The Securities and Futures Commission stipulates that crypto trading platforms that fail to submit their license applications by Feb. 29 must close down their businesses in Hong Kong by May 31. The regulator said that after June 1, all VATPs operating in Hong Kong must be either licensed by the SFC, or “deemed-to-be-licensed” applicants.

“VATP applicants which are not deemed-to-be-licensed should not commence their business activities in Hong Kong, or actively market their services to Hong Kong investors,” the SFC said on its website.

Many global exchanges — including OKX, Gate.io and HTX have thus withdrawn their license applications in Hong Kong.

Chiu said the license application withdrawals reflected major drawbacks in the current licensing system. “Firstly, several policies related to the development of Hong Kong's virtual asset market (such as VATP, stablecoin issuance, and virtual asset over-the-counter trading) are designed by different departments, lacking a comprehensive strategic consideration for industry development,” he explained.

The lawmaker added that some license applicants had told him that the authorities lack a forward-looking vision for developing next-generation fintech and that promoting Web3 with a traditional finance mindset lacks flexibility.

The SFC requires operators to meet standards similar to those for traditional financial institutions, which appear “excessively stringent” when applied to Web3 finance, according to Chiu.

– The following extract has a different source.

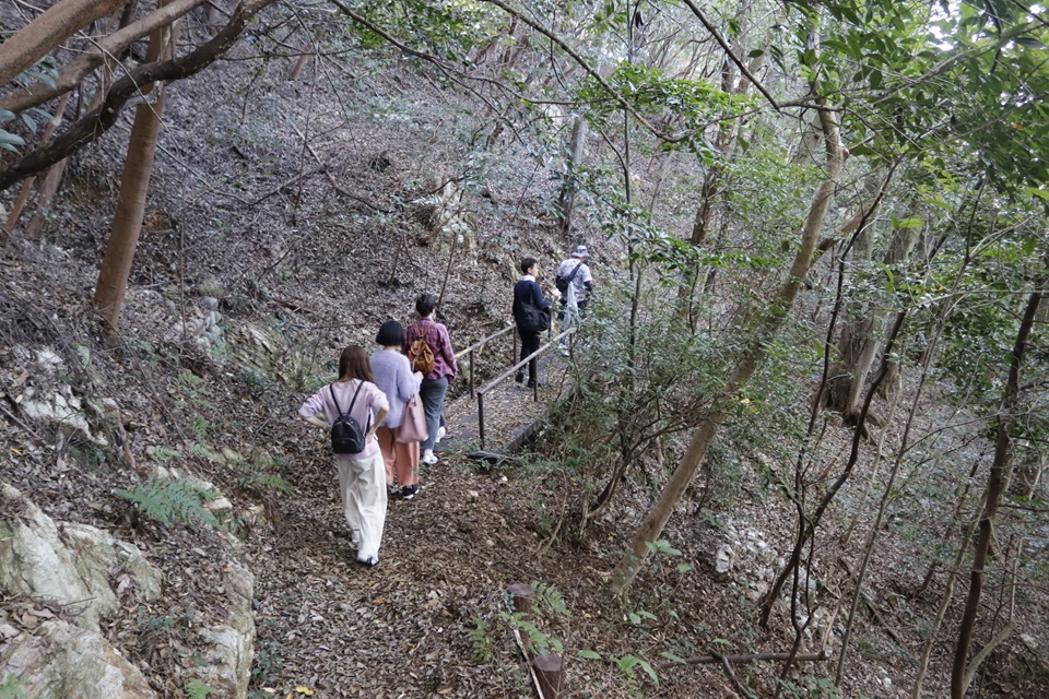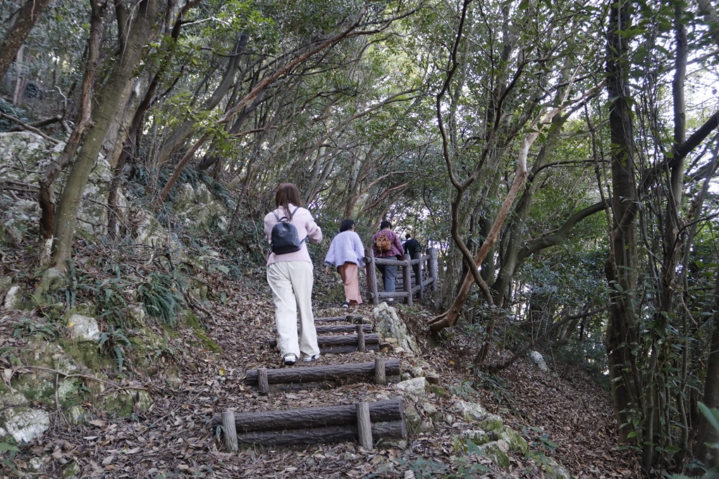 植物を見たり、木の上の可愛いリスに歓声を上げたり、町並みを見下ろしたり…なだらかな山道歩きは、様々な発見があって楽しいです。

Chiu also pointed out that some crypto industry insiders had expressed concerns that the authorities require the management of licensed operators to have many years of experience in the crypto industry, while the regulators often lack personnel with practical experience in operating Web3 businesses. “The two sides have vastly different technical backgrounds, market experiences and innovative spirits, making communication difficult,” Chiu wrote.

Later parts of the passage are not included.